Update on NAS latest tests and developments

Status of the production sites


  • Broad crawl
    • 4th broadcrawl step 2 - 2022 still running - closing soon.

  • Special harvest  "Mystikkens Univers".
    • YouTube Using ArchiveIt -20.000 videos~170GB!
    • Instagram using archvieweb.page and autoplay - gets slides+reels etc. . Works ok, but only gets to 100 posts. 

  • Browserbased crawling for all IIPC-project awaiting funding for development this year

  • Data from Internet Archive received
    • DK TLD-IA-crawls from 1996-2000 ~70GB
    • The dataset consists of all hosts in the Danish language in tab-separated format, sorted by SURT: host [tab] timestamp. The timestamp is the latest timestamp when the host was annotated and identified as Danish.It’s 9 MB small and consists of 680,838 sites.

  • CDX-summary for research use approved and needs development work to be delivered for Aarhus University.

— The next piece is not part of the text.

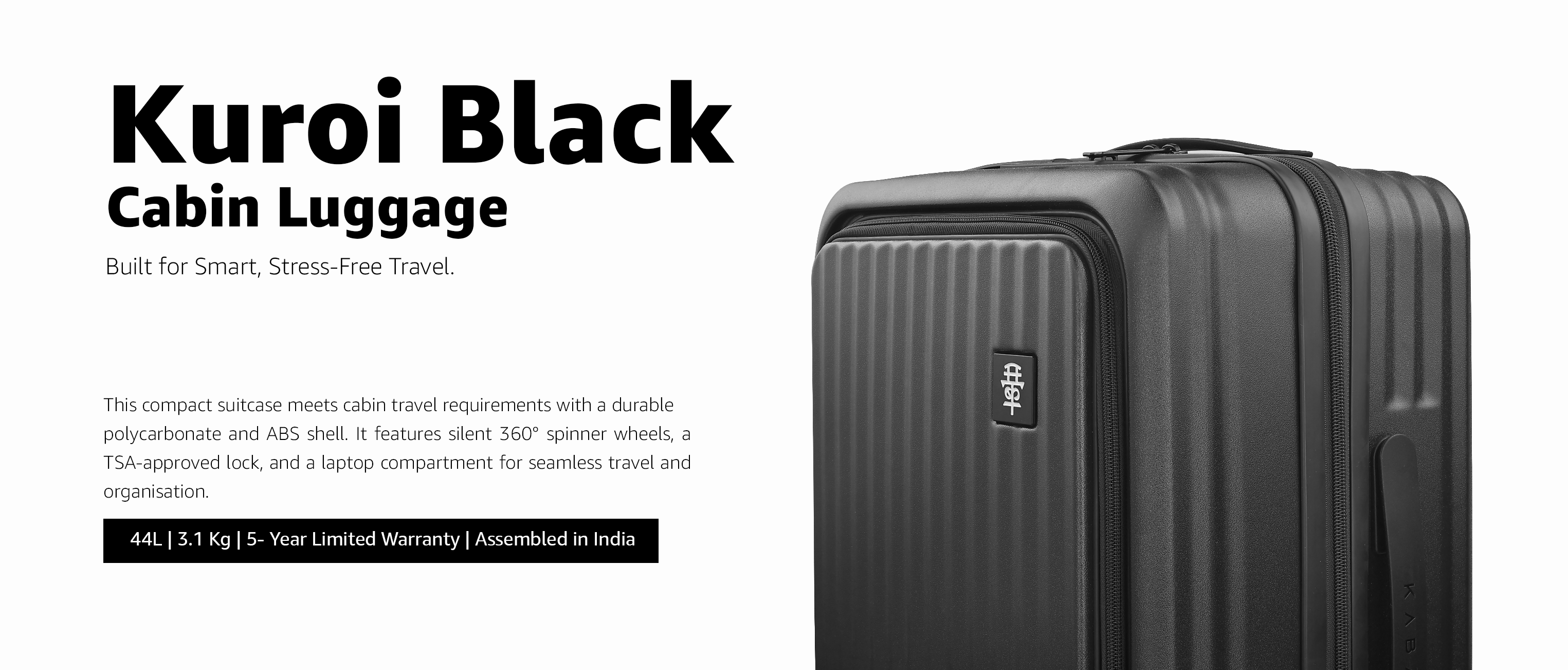 Kuroi WHITE CABIN HARD LUGGAGE WITH LAPTOP COMPARTMENT

Lately, we have worked to create a new tool that will be able to search on the seed harvested by collections, topics, keywords and title. This tool extracts the informatión directly from CWeb and connects with OpenWayback to offer the calendar of harvests when people are outside of the library, and the calendar and web sites captures in the National Library facilities. Now, it is in preproduction, we plan to launch it in Frebuary or March.

We have made sereveral tests with SolrWayback on our machines. We have indexed the broad crawl of magazines realized in 2022 (1.3 TB and 15,000 WARCs) . We have tested SolrWayback in different stress tests with a small Index (140,000 documents), step by step, we are going to test  with a bigger index of documents, so far, we have had good results. We have modified the indexation script to add a new functionality that allows us to choose a part of a WARC of a full set of WARCs for indexing a whole collection, not only a part..

We are studying how to config the SolrCloud with our technology infrastructure.


Next meetings

  • February 7th
  • March 7th
  • April 11th
  • May 9th
  • June 6th
  • July 4th
  • September 5th
  • October 3rd
  • November 7th
  • December 5th
  • January 9th 2024

Any other business?